What is required — From the entries, copy every line that carries the string "with".

Task material —
--
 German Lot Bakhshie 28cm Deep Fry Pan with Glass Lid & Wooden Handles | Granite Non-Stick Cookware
--
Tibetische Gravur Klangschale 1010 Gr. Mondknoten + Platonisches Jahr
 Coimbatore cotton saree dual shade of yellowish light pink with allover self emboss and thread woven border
--
Written response —
 German Lot Bakhshie 28cm Deep Fry Pan with Glass Lid & Wooden Handles | Granite Non-Stick Cookware
 Coimbatore cotton saree dual shade of yellowish light pink with allover self emboss and thread woven border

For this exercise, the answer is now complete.